So why are we reviewing a book about Bistronomy in Paris? Apart from the fact that our general preference is to eat bistro food rather than tricked up, contorted food in Michelin-starred restaurants there is a connection to bistronomy through the wine. Almost every restaurant that features in the book has a wine list that is either completely based on natural wines (nearly all of them) or else is heavily weighted towards them.
Our regular visits to Paris always began with a visit to James Henry’s Bones, a place which features strongly in the book. We would go to Bones both for the sublime food and the very strong list of natural-only wines. Unfortunately James closed Bones so we have had to change our habits! Now we have to make a decision. Will it be one of the newer offerings such as Le Servan, Clamato, Ellsworth, Clown Bar and Martin or will we go to an old favourite such as LeDauphin, Le Baratin, Le Verre Volé, or l’Ami Jean?
Notice that we haven’t mentioned our favourite Parisian restaurant Septime – we always try to go there on our last day in France because it ensures a fitting finale to the trip. All of these restaurants have a strong natural wine program and all are in the book except for Le Baratin.
Jane Sigal has assembled a book of recipes from the new-wave restaurants in Paris that have had such a positive effect on the dining experience in that city and re-established Paris as one of the great dining destinations of the world.
However, it is not just a book of recipes. The author chronicles the rise of restaurants serving bistro food with a gastronomic sensibility (from where the word is derived). But there is another layer in the information provided which is important.

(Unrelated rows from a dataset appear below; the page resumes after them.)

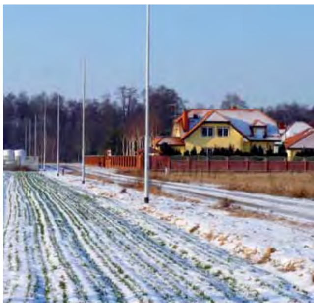
Zamontowane już słupy, zdaniem części mieszkańców, służą przede wszystkim zającom, które przebiegają tędy do pobliskiego lasu.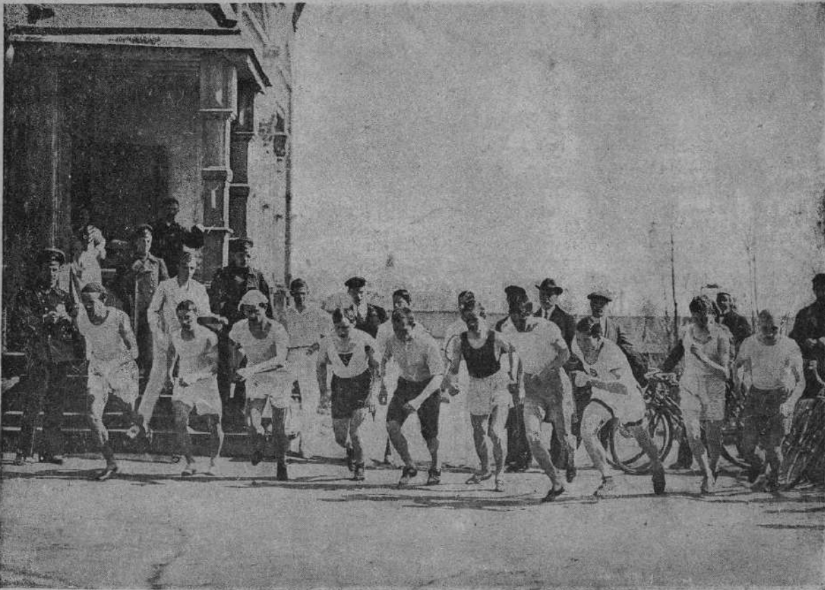
Стартъ участниковъ кроссъ-коунтра въ Московскомъ Клубѣ Лыжниковъ.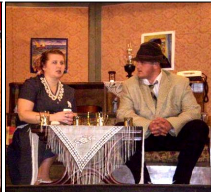
*Vierina matka a Rudolfov otec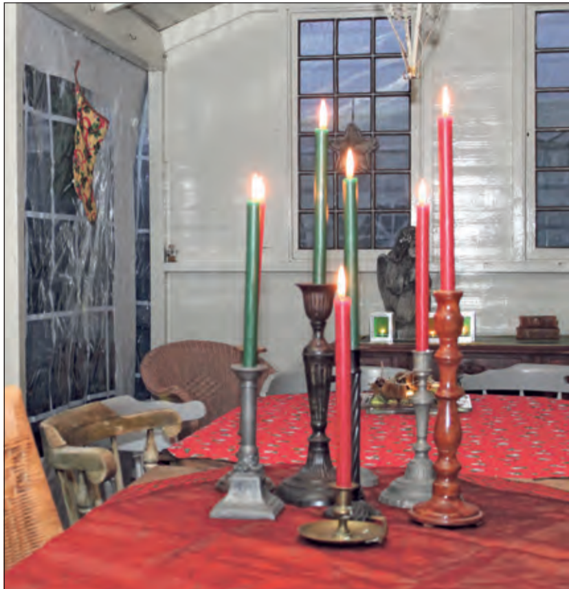
Ook in 2014 hield Theetuin Bilthoven een Kerstinloop.

Het winkeltje staat vol met kerst hebbedingetjes o.a. oude kerstversieringen, curiosa en brocante. Ook zijn er weer heerlijke lekkernijen waaronder vele aparte jams. Er staan leuke vogeltaartjes alsmede kerststukken en –kransen en wolpakketten met patroon. Er koffie en/of thee met home made gebak en vegetarische bonensoep. Toegang gratis.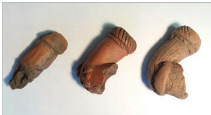
XIX. századi csereppipák a Pernecki csárdánál végzett kutatásból

2017 óta végeznek a Munkácsy Mihály Múzeum régészei a 18–19. századi Békés (vár) megye anyagi kultúráját feltáró kutatásokat. E vizsgálatok keretében a múlt év telén került sor a Csorvás közeli Pernecki csárda környékének megkutatására amatőr, múzeumbarát békéscsabai hobbi fémkérés bevonásával.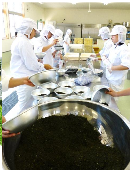
↑火入れが終わったお茶を袋詰め

She also chronicles where the chefs worked before they opened their restaurants. Almost without exception the chefs have impeccable credentials from serious restaurants such as l’Arpege, La Meurice, Louis XV, l’Atelier du Joël Robuchon, Troisgros and Pierre Gagnaire.

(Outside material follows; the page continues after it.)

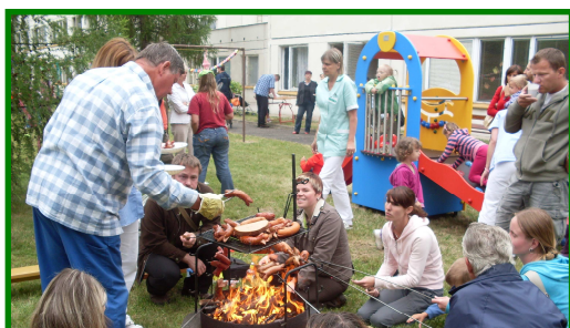
Den dětí v Denním dětském rehabilitačním stacionáři, Středisku denní péče v ul. Františka Malíka 973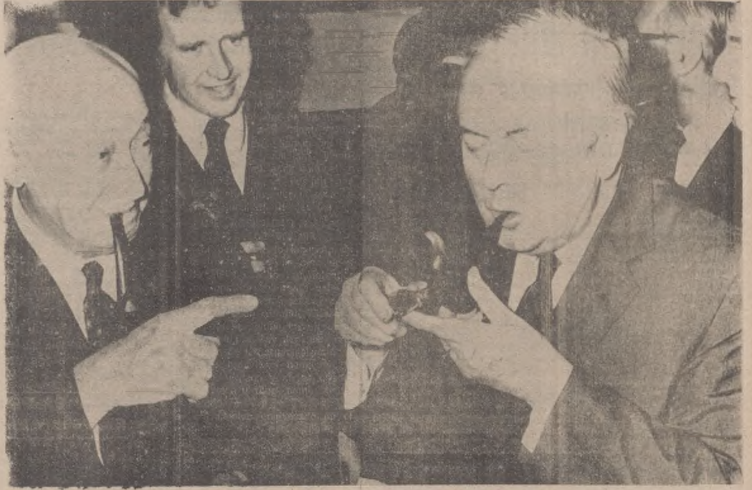
Wilson, a pesar de los problemas internos de su partido, no ha perdido el buen humor ni esa costumbre tan inglesa de fumar en pipa. Mientras, el veterano miembro del Parlamento lord Shinwell ha encendido la suya, ganándole a Harold a la hora de encender la cachimba.

El pasado día 10 presentaron su dimisión en el "Gabinete fantasma" el actual número 2 del partido laborista, Roy Jenkins, y los ministros de Defensa y Energía, George Thompson y Harold Laver. Veinticuatro horas más tarde le tocaba el turno dimisionario a lord Chalfont, portavoz laborista de política exterior, y se anuncia que las sorpresas van a seguir produciéndose, dirigidas contra la política de Wilson, a quien los disidentes acusan de dar bandazos continuos.

They all bring much of the precision and love of great ingredients to their new ventures, as well as the discipline that’s required to run a great kitchen. What is missing are the most expensive ingredients and the frippery and the high price tags. It is possible to eat in many of the restaurants mentioned in the book for around 30to 40 Euros and considerably less at lunch time.
The book would not be complete, of course, without paying due respect to Yves Camdeborde who setup La Régelade in 1992 after leaving his prestigious position at the Hôtel de Crillon. His new restaurant was a bare bones affair always with a queue out the door. However the food he served was a different matter. The waiting staff passed around large terrines from which the diners cut their own tranche. Offal was ever present. Desserts were not fussy, but were delicious.
Camdeborde’s success saw other high-end chefs follow his lead and open similar establishments such as l’Ami Jean (home of the best rice pudding on the planet) and Café Constant.
At the same time pioneers of the natural wine movement such as Jean-Pierre Robinot (l’Angevin), Nicolas Carmarans (Café de la Nouvelle Mairie) and Pierre Jancou (La Crèmerie) were opening wine bars featuring natural wines and staying open late. There was a natural synergy between these late night bars and the chefs who were beginning the neo-bistro revolution, so they started stocking these interesting new wines that were taking hold in Paris.
When Jancou later opened his own restaurant, Racines, he not only brought with him the natural wines that he had served at his previous bars, but also the very best produce for the kitchen. We still fondly remember the quality of the Colonnata lardo that we always started with and the quality of the organic vegetables that he sourced from Alain Passard’s garden.
And now fast forward to the present where cosy bistros serving natural wine are in every arrondissement of Paris with the epicentre being the 11th. Here Septime, Le Chateaubriand, Le Dauphin, Le Servan, La Buvette, Aux Deux Amis, Clown Bar, Au Passage, Martin, Pierre Sang, 6036, Le 6 Paul Bert and Yard all make their contributions to the vibrant dining scene.
So, try out some of the recipes such as the green lentil soup from Camdeborde with his trademark tapioca or the leeks vinaigrette with vin jaune sabayon from Frenchie or tuna with raspberries and shaved golden beets from Clown Bar, charred squid with boudin noir, peas and herb oil from Australian Shaun Kelly who used to cook at Au Passage and Yard or the amazing dish of cashew-stuffed guinea hen with cauliflower steaks that Le Servan chef Tatiana Levha cooks in a single skillet.
There are over 100 recipes, making this book an excellent purchase. It is also an extremely useful book for planning a trip to Paris!